Township in Pennsylvania, US

Lackawannock Township is a township in Mercer County, Pennsylvania, United States. The population was 2,469 at the 2020 census, a decline from the figure of 2,662 in 2010. The origin of its name is disputed. One source contends that it was named for the Lackawanna River in eastern Pennsylvania, while another claims that it comes from the French word for "lake" (lac) and the name of a Native American chief (Wannock) who lived in the area.

Historical population
| Census | Pop. | Note | %± |
| 2000 | 2,561 |  | — |
| 2010 | 2,662 |  | 3.9% |
| 2020 | 2,479 |  | −6.9% |
| 2023 (est.) | 2,463 |  | −0.6% |
U.S. Decennial Census

==Geography==
According to the United States Census Bureau, the township has a total area of 20.8 sqmi, of which 20.8 sqmi is land and 0.05% is water.

==Demographics==
As of the census of 2000, there were 2,561 people, 909 households, and 705 families residing in the township. The population density was 123.4 PD/sqmi. There were 952 housing units at an average density of 45.9 /sqmi. The racial makeup of the township was 97.74% White, 0.86% Black or African American, 0.31% Native American, 0.20% Asian, 0.04% Pacific Islander, 0.51% from other races, and 0.35% from two or more races. Hispanic or Latino of any race were 0.78% of the population.

There were 909 households, out of which 35.0% had children under the age of 18 living with them, 64.9% were married couples living together, 8.7% had a female householder with no husband present, and 22.4% were non-families. 18.8% of all households were made up of individuals, and 8.0% had someone living alone who was 65 years of age or older. The average household size was 2.81 and the average family size was 3.23.

In the township the population was spread out, with 29.1% under the age of 18, 8.0% from 18 to 24, 27.5% from 25 to 44, 24.0% from 45 to 64, and 11.4% who were 65 years of age or older. The median age was 35 years. For every 100 females there were 99.6 males. For every 100 females age 18 and over, there were 95.9 males.

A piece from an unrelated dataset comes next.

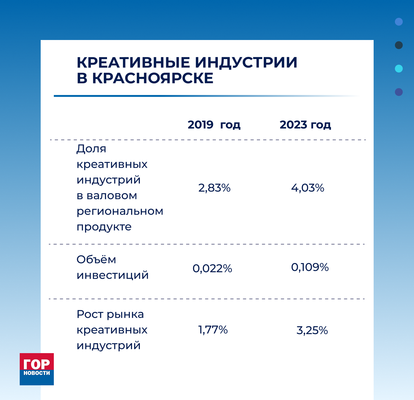 Доля креативных индустрий в ВРП Красноярского края составляет 4,03%. С 2019 года показатель также вырос в 1,5 раза. Конечно, это несравнимо с промышленным сектором, но это и не является нашей целью. Креативные индустрии выполняют другую функцию: они делают экономику более устойчивой, встраиваются и усиливают уже развитые отрасли и помогают выстроить привлекательный образ как отдельного города, так и всего региона.
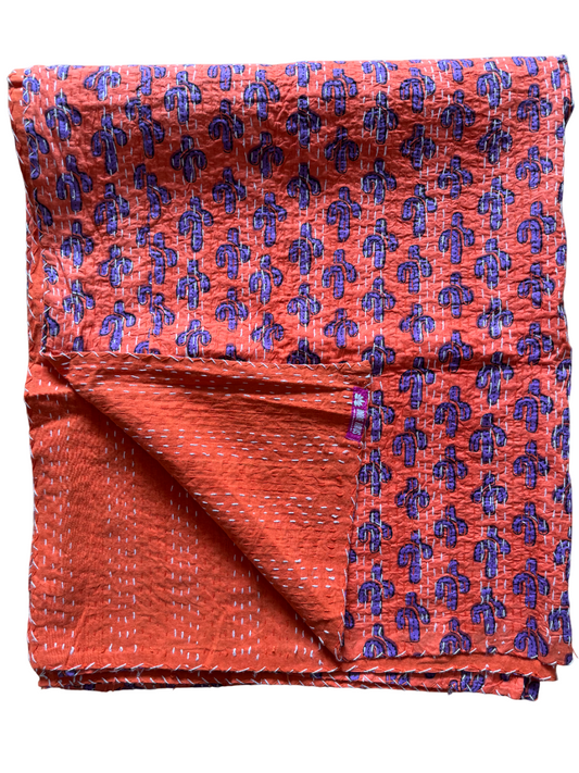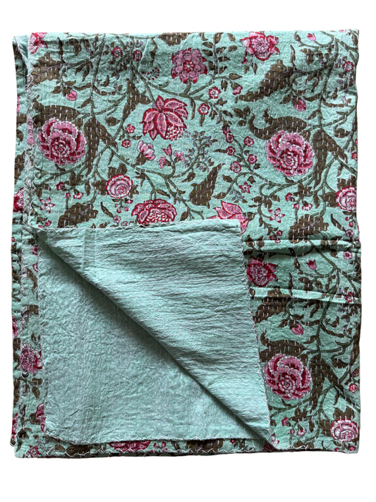 Überwurf aus handbedruckter Baumwolle mit Lily-Motiv

The median income for a household in the township was $35,428, and the median income for a family was $40,579. Males had a median income of $30,430 versus $21,341 for females. The per capita income for the township was $15,711. About 9.5% of families and 13.1% of the population were below the poverty line, including 19.5% of those under age 18 and 8.2% of those age 65 or over.